For encryption, the IBM Integration Toolkit employs 256-bit AES algorithm keys, utilizing the maximum key length allowed by AES. This toolkit empowers users and programmers to incorporate IBM’s solutions into their research or projects. By performing computations directly on encrypted data, the use of Fully Homomorphic Encryption (FHE) can significantly impact privacy and data security. The toolkit is based on the open-source HE library called HELib, providing a range of low-level routines (e.g., add, multiply, set, shift) and higher-level features like multi-threading and automatic noise management. HELib has gained recognition as one of the most versatile encryption libraries globally [39]. While collaboration with the IBM Fully Homomorphic Encryption Toolkit can enhance performance, it also introduces vulnerabilities to theft or tampering. The IBM Integration Toolkit supports macOS and iOS platforms, in addition to Linux and Android.

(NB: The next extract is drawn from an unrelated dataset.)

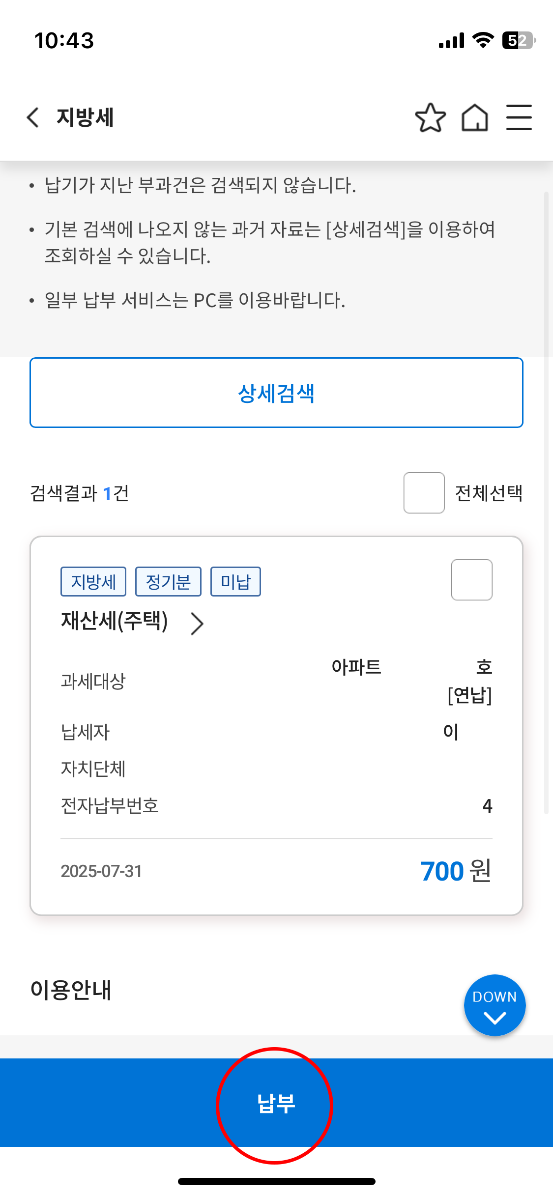 주택에 대한 재산세 미납분이 나와 있었습니다. 납부를 선택 (클릭) 했습니다.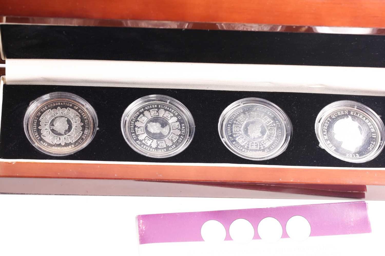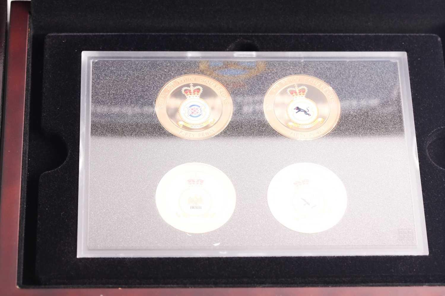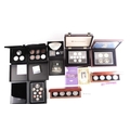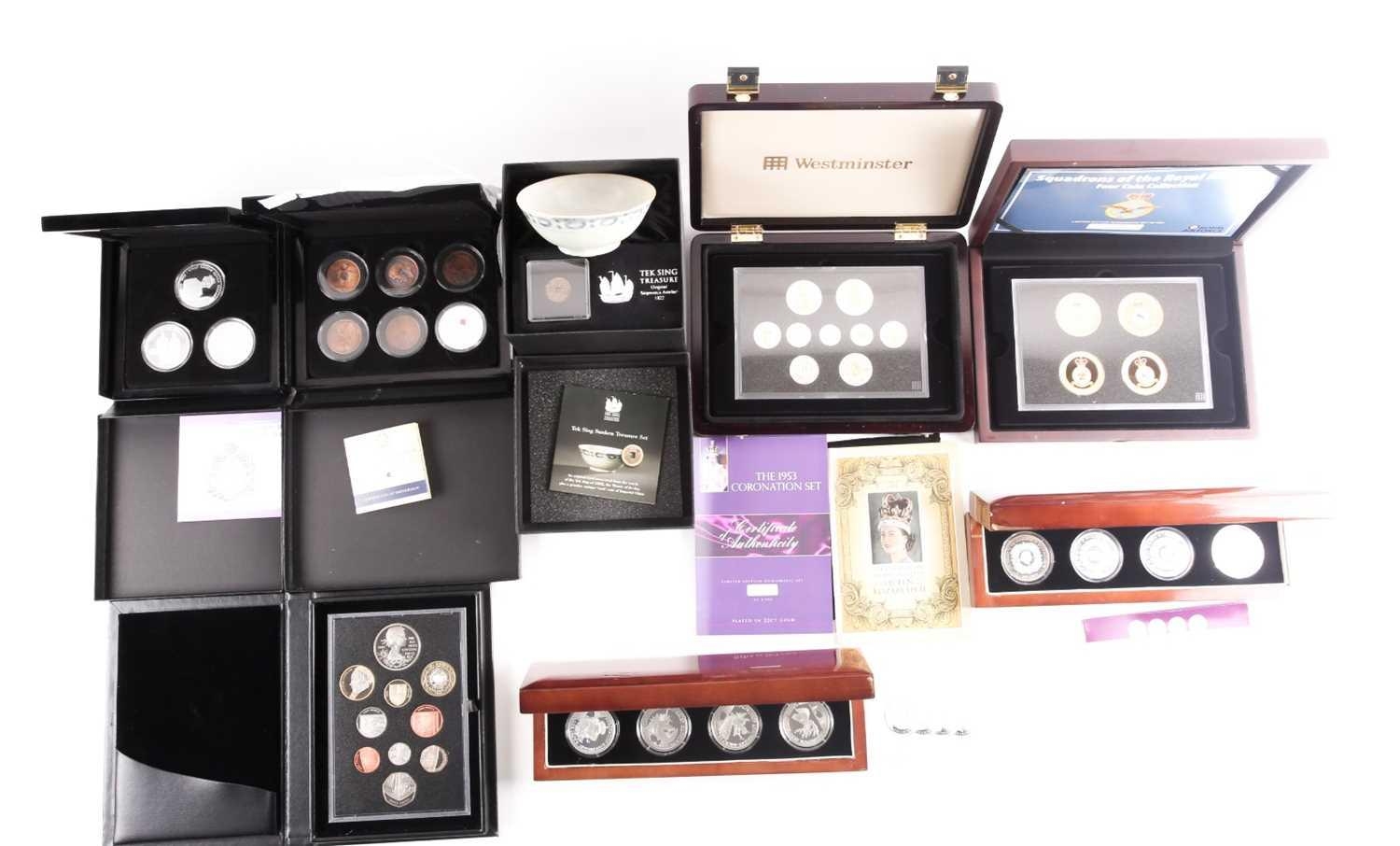 Eight boxed sets of commemorative coins, comprising: 'Squadrons of the Royal Air Force' four-coin set (2013, 15/995 issued), Westminster 1953 Coronation Set, London Office Mint Heraldic Beasts Pure Silver Crown Set, 60th Anniversary of the Coronation (QEII) Pure Silver Crown Set, Royal Mint 2012 United Kingdom Proof Set, Bradford Exchange Armistice Day Silver Crown and Five WWI Pennies, Bradford Exchange QEII 88th Birthday Silver Crown Set and Tek Sing Sunken Treasure Set (1822 Shipwreck Artefact).

To maximize the benefits of the IBM Integration Toolkit, it offers a playground environment with a sample application that enables querying an encrypted database.

Cingulata

Cingulata [70] stands as both a runtime environment and a versatile toolchain, purpose-built to execute C++ programs with an ingenious twist. The remarkable innovation lies in its ability to perform program executions on encrypted data, all accomplished through the sophisticated framework of Fully Homomorphic Encryption (FHE) techniques. As an open-source compiler, Cingulata embraces collaboration and community contributions.

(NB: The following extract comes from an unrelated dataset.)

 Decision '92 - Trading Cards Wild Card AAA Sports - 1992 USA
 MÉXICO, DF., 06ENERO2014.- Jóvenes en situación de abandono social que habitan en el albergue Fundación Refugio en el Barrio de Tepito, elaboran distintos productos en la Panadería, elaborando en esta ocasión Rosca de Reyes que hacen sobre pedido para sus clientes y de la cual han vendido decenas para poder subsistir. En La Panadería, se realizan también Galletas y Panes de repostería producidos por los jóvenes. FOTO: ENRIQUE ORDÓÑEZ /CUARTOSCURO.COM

At its core, Cingulata empowers developers with the means to harness the extraordinary potential of FHE computations. Through the fusion of C++ programming and FHE methodologies, it unlocks a realm of secure computations on data shrouded in encryption. This amalgamation of technologies is orchestrated seamlessly by a meticulously crafted compiler toolchain, efficiently transmuting C++ programs into their encrypted counterparts, poised for FHE-driven execution.

Execution Modes

  1. 1.

    Offline mode (compiled): Cingulata’s offline compiled mode incorporates specialized optimization modules that are dedicated to diminishing the size and multiplicative depth of Boolean circuits in applications. Additionally, it seamlessly interfaces with lwe-estimator to ensure the secure generation of Fully Homomorphic Encryption (FHE) parameters.An advanced parallel runtime environment facilitates the execution of these Boolean circuits, enabling the utilization of various FHE schemes.

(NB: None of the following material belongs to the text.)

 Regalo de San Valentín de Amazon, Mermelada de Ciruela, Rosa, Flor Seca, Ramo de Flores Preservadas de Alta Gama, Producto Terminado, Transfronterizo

    Within the compiled mode, Cingulata’s front-end undertakes the conversion of C++ input code into a corresponding representation in the form of a Boolean circuit (constructed using logical AND and XOR gates). Subsequently, the intermediate layer refines the Boolean circuit crafted by the front-end, employing ABC-an open-source tool renowned for hardware synthesis optimization. Ultimately, the refined circuit is dynamically executed on encrypted data, employing diverse FHE schemes for heightened security.

  2. 2.

    Online mode (on-the-fly execution): The C++ input application is executed directly through a low-level implementation of the intended cryptosystem. Currently, the offline mode is tailored for somewhat homomorphic schemes (using an in-house B/FV implementation), while the online mode is designed for fully homomorphic schemes, utilizing the TFHE library.

Installation

Cingulata can be installed through two distinct approaches: one involves the B/FV backend, and the other entails the utilization of the TFHE library backend.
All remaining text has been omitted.